363. By tacheurs, is another mode of cultivating land, in the immediate vicinity of towns. The proprietors, to avoid keeping too many servants in their own houses, place a father of a family in the house upon the farm. This man is called le tacheur. He takes care of the cows, for half their produce: he ploughs the ground, receiving for every pair of oxen employed, or for three horses, from seventy to eighty francs per annum: he has half the wine: the share he receives of the wheat and grain is in the proportion of two parts for every nine taken by the proprietor. The latter pays all the taxes, and keeps the accounts, The tacheur may be changed every year. When he is employed in repairing fences, &c., he is paid by the day; this is always undertaken when he enters the farm.

364. The leases granted to the farmers and grangers are on terms of three, six, or nine years; but when the leases are for six or nine years, a reservation is always made, that at the expiration of every three years the proprietor may revoke the lease, by giving three months' notice, if he be not satisfied with the tenant.

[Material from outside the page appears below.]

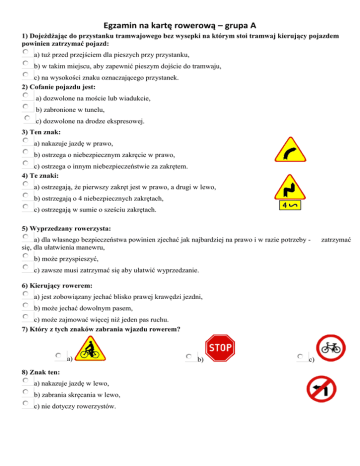 Egzamin na kartę rowerową – grupa A 1) Dojeżdżając do przystanku tramwajowego bez wysepki na którym stoi tramwaj kierujący pojazdem powinien zatrzymać pojazd: a) tuż przed przejściem dla pieszych przy przystanku, b) w takim miejscu, aby zapewnić pieszym dojście do tramwaju, c) na wysokości znaku oznaczającego przystanek. 2) Cofanie pojazdu jest: a) dozwolone na moście lub wiadukcie, b) zabronione w tunelu, c) dozwolone na drodze ekspresowej. 3) Ten znak: a) nakazuje jazdę w prawo, b) ostrzega o niebezpiecznym zakręcie w prawo, c) ostrzega o innym niebezpieczeństwie za zakrętem. 4) Te znaki: a) ostrzegają, że pierwszy zakręt jest w prawo, a drugi w lewo, b) ostrzegają o 4 niebezpiecznych zakrętach, c) ostrzegają w sumie o sześciu zakrętach. 5) Wyprzedzany rowerzysta: a) dla własnego bezpieczeństwa powinien zjechać jak najbardziej na prawo i w razie potrzeby się, dla ułatwienia manewru, b) może przyspieszyć, c) zawsze musi zatrzymać się aby ułatwić wyprzedzanie. 6) Kierujący rowerem: a) jest zobowiązany jechać blisko prawej krawędzi jezdni, b) może jechać dowolnym pasem, c) może zajmować więcej niż jeden pas ruchu. 7) Który z tych znaków zabrania wjazdu rowerem? a) 8) Znak ten: a) nakazuje jazdę w lewo, b) zabrania skręcania w lewo, c) nie dotyczy rowerzystów. b) c) zatrzymać 9) Wyprzedzanie pojazdu uprzywilejowanego jest: a) zawsze dozwolone, b) niedozwolone, c) dozwolone poza terenem zabudowanym. 10) W tej sytuacji kierujący rowerem: a) ustępuje tylko pojazdowi z numerem 3, b) jedzie jako pierwszy, c) ustępuje pojazdowi z numerem 2. 11) W tej sytuacji kierujący rowerem: a) jedzie ostatni, b) ma pierwszeństwo przed pojazdem z numerem 2, c) ma pierwszeństwo przed pojazdem z numerem 3. 12) W tej sytuacji kierujący rowerem: a) ustępuje pierwszeństwa pojazdowi z numerem 3, b) jedzie jako pierwszy, c) jedzie ostatni. 13) Bezpośrednio na ranę można przyłożyć: a) chusteczkę higieniczną, b) gazę, c) watę. 14) Włączając się do ruchu, kierujący pojazdem powinien: a) zachować ostrożność, b) ustąpić pierwszeństwa pojazdowi już będącemu w ruchu, c) ustąpić pierwszeństwa pieszym tylko wówczas, gdy skręca w lewo. 15) Po skręceniu w lewo, kierujący pojazdem: a) może zająć dowolny pas ruchu na prawej połowie jezdni dwukierunkowej, b) powinien zająć lewy skrajny pas ruchu na jezdni jednokierunkowej, c) powinien zająć najbliższy osi jezdni pas ruchu na drodze dwukierunkowej.
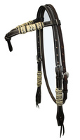 EE Tack - Kopfstück - Harness - Round End's - Silver Pipe's / Rawhide - V Stirnband

The proprietor always supplies the farmer or granger with a sum of money without interest, called chaptal (capital), to aid him in buying oxen: for a farm of two oxen it is generally about twenty louis; for a farm of four oxen, forty louis; and so on. The proprietor, for this sum, has an exclusive right to seize the cattle of the farmer, should he sell them clandestinely. 365. The mode of pasturage in Chamouny will apply, with little variation, to all the Alpine communes in Savoy. The rich peasants in the Alps possess meadows, and even habitations, at different heights. In winter they live in the bottom of the valley, but they quit it in spring, and ascend gradually, as the heat pushes out vegetation. In autumn they descend by the same gradation. Those who are less rich have a resource in the common pastures, to which they send a number of cows, proportionate to their resources, and their means of keeping them during the winter. The poor, who have no meadows to supply fodder for the winter, cannot avail themselves of this advantage. Eight days after the cows have been driven up into the common pasture, all the owners assemble, and the quantity of milk from each cow is weighed. The same operation is repeated one day in the middle of the summer, and at the end of the season, the quantity of cheese and butter is divided, according to the quantity of milk each cow yielded on the days of trial. (Bakewell.)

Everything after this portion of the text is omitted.